An illustration photo shows a woman holding a national identity card, an eye on a phone screen, a man in a mask and a life vest, and a surveillance tower on a background of newspaper clippings and barbed wire. Thomson Reuters Foundation/Nura Ali

What’s the context?

From digital IDs to AI-based facial recognition cameras, tracking tools threaten migrants' basic freedoms, rights experts say

More people than ever before are living far from home after being uprooted by war, violence, persecution and other crises, the U.N. refugee agency (UNHCR) said earlier this year as millions of Ukrainians fled Russia's invasion.

As the number of forcibly displaced people exceeds 100 million for the first time, governments are using an array of high-tech tools to monitor the movements of refugees and migrants at borders and within their countries, often using them to control access to public services, too.

In total, some 281 million people are now living outside their countries of birth, according to the U.N. migration agency (IOM).

But from digital identity cards and artificial intelligence-based facial recognition cameras, to drones and surveillance towers, the technology being used to track people on the move poses an unprecedented threat to their basic freedoms, rights experts say.

Sometimes their consequences can be deadly by forcing some migrants to take greater risks in order to avoid detection, for example along the perilous U.S.-Mexico border.

"Border technologies have profound impacts on people's human rights and civil liberties," said Petra Molnar, associate director at Refugee Law Lab, a research centre.

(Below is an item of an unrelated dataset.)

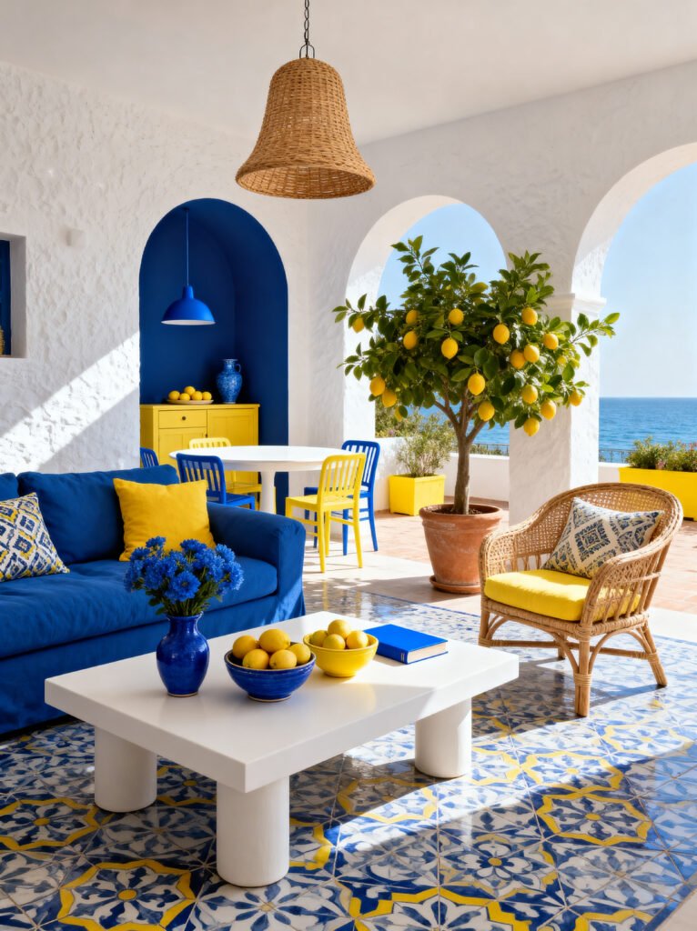 Can you even look at this photo without smiling? This terrace is pure joy! It feels like a sunny afternoon in Positano. The color combo of that deep, vibrant cobalt blue and the bright lemon yellow is just iconic. It’s bold, it’s energetic, and it’s perfect for an outdoor space where you want to host friends and have a great time.

"Many automated technologies are also highly discriminatory, making problematic inferences about people's behaviour based on biased data sets," she told Context.

Over the coming weeks, we examine the impact of surveillance technology deployed to track migrants and refugees in locations around the world, from the U.S.-Mexico border to Myanmar to Britain and beyond.

UK: Migrants in UK face 'degrading' surveillance ankle tags

Myanmar: 'They tried to erase us': Rohingya IDs deny citizenship

U.S./Mexico: Surveillance tech makes U.S.-Mexico border even deadlier

In Jordan, refugees scan irises to collect aid. But is it ethical?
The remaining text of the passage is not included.